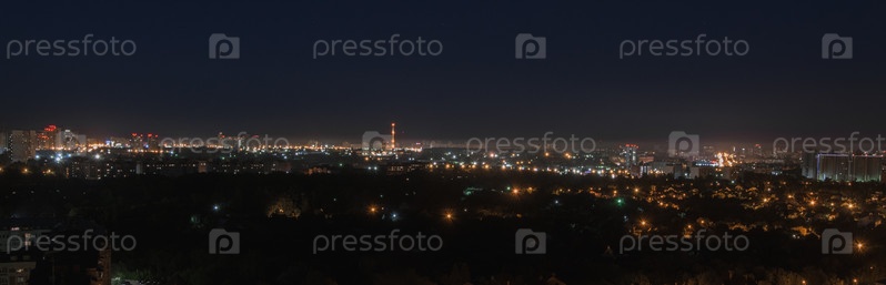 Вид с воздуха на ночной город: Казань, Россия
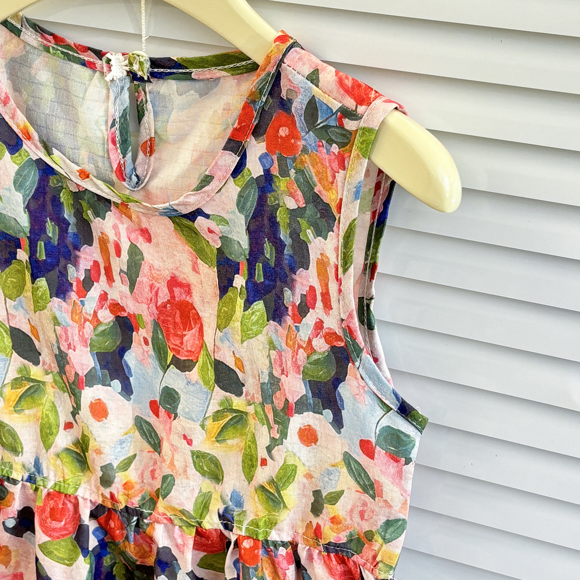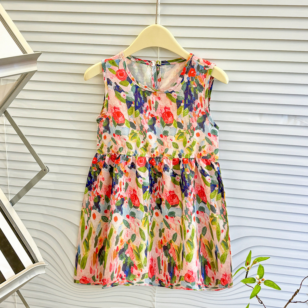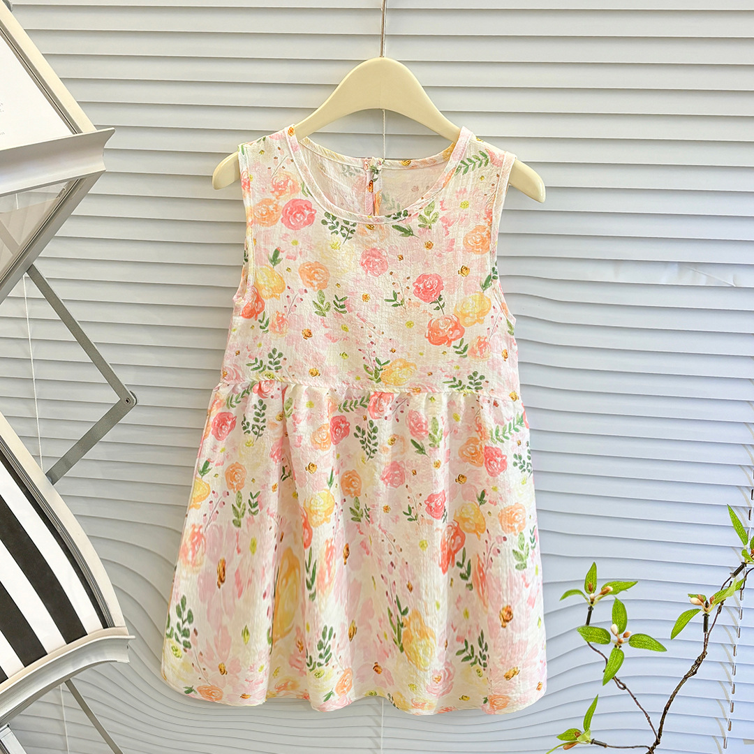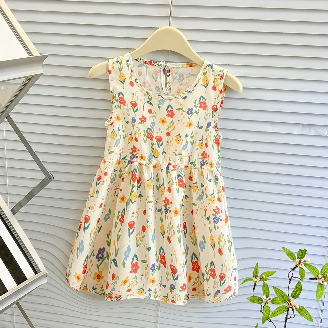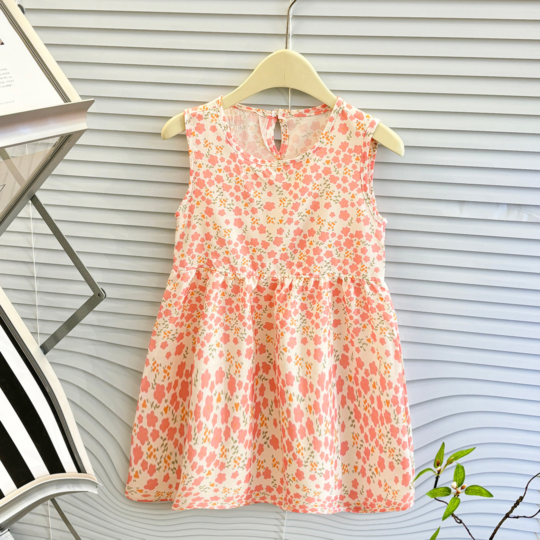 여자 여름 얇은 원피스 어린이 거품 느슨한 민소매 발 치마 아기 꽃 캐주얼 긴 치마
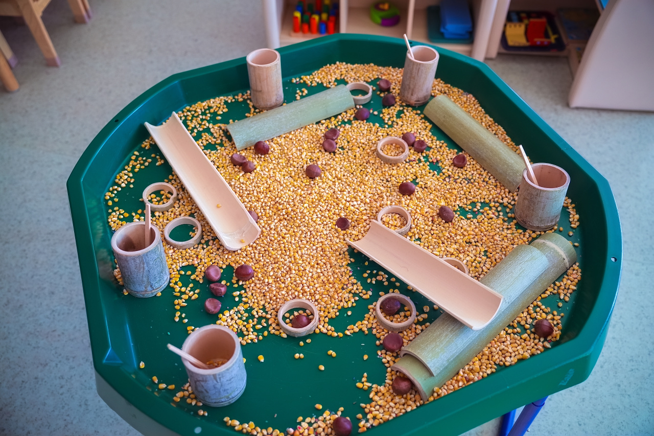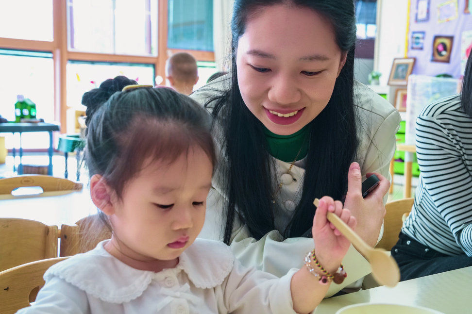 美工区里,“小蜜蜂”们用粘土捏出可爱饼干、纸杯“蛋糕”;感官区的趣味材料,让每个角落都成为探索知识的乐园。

* * *

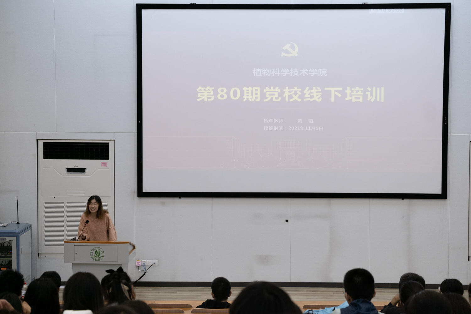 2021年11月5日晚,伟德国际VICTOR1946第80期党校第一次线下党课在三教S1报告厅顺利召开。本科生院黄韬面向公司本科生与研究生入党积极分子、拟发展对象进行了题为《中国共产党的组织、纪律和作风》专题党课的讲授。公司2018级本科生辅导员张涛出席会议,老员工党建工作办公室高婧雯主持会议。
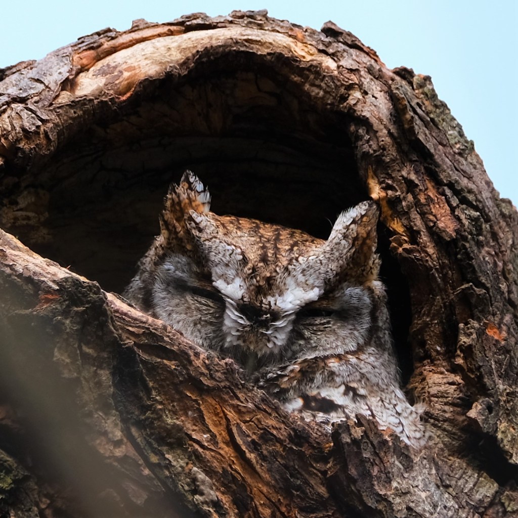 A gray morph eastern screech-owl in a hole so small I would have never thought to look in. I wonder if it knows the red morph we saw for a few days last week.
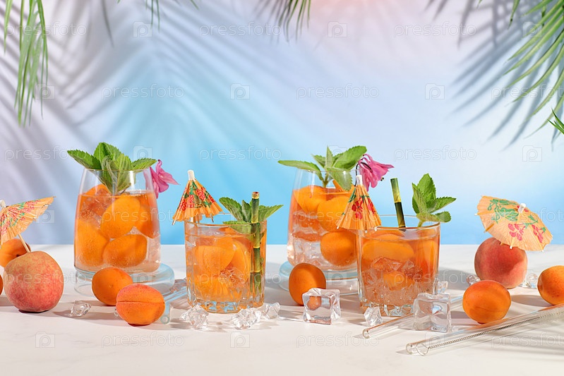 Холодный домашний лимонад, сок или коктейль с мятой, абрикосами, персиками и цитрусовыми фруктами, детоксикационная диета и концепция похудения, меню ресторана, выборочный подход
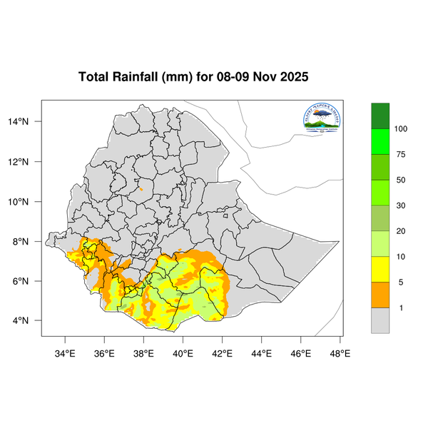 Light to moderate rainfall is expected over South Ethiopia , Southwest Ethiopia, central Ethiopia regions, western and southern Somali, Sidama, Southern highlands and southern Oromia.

▶ **Exercise prompt**: In the data above, take the line with "2021年11月5日晚,伟德", the line with "Light to moderate", and every line between, and set them down exactly without pictures.

▶ **Problem solution**:
 2021年11月5日晚,伟德国际VICTOR1946第80期党校第一次线下党课在三教S1报告厅顺利召开。本科生院黄韬面向公司本科生与研究生入党积极分子、拟发展对象进行了题为《中国共产党的组织、纪律和作风》专题党课的讲授。公司2018级本科生辅导员张涛出席会议,老员工党建工作办公室高婧雯主持会议。
 A gray morph eastern screech-owl in a hole so small I would have never thought to look in. I wonder if it knows the red morph we saw for a few days last week.
 Холодный домашний лимонад, сок или коктейль с мятой, абрикосами, персиками и цитрусовыми фруктами, детоксикационная диета и концепция похудения, меню ресторана, выборочный подход
 Light to moderate rainfall is expected over South Ethiopia , Southwest Ethiopia, central Ethiopia regions, western and southern Somali, Sidama, Southern highlands and southern Oromia.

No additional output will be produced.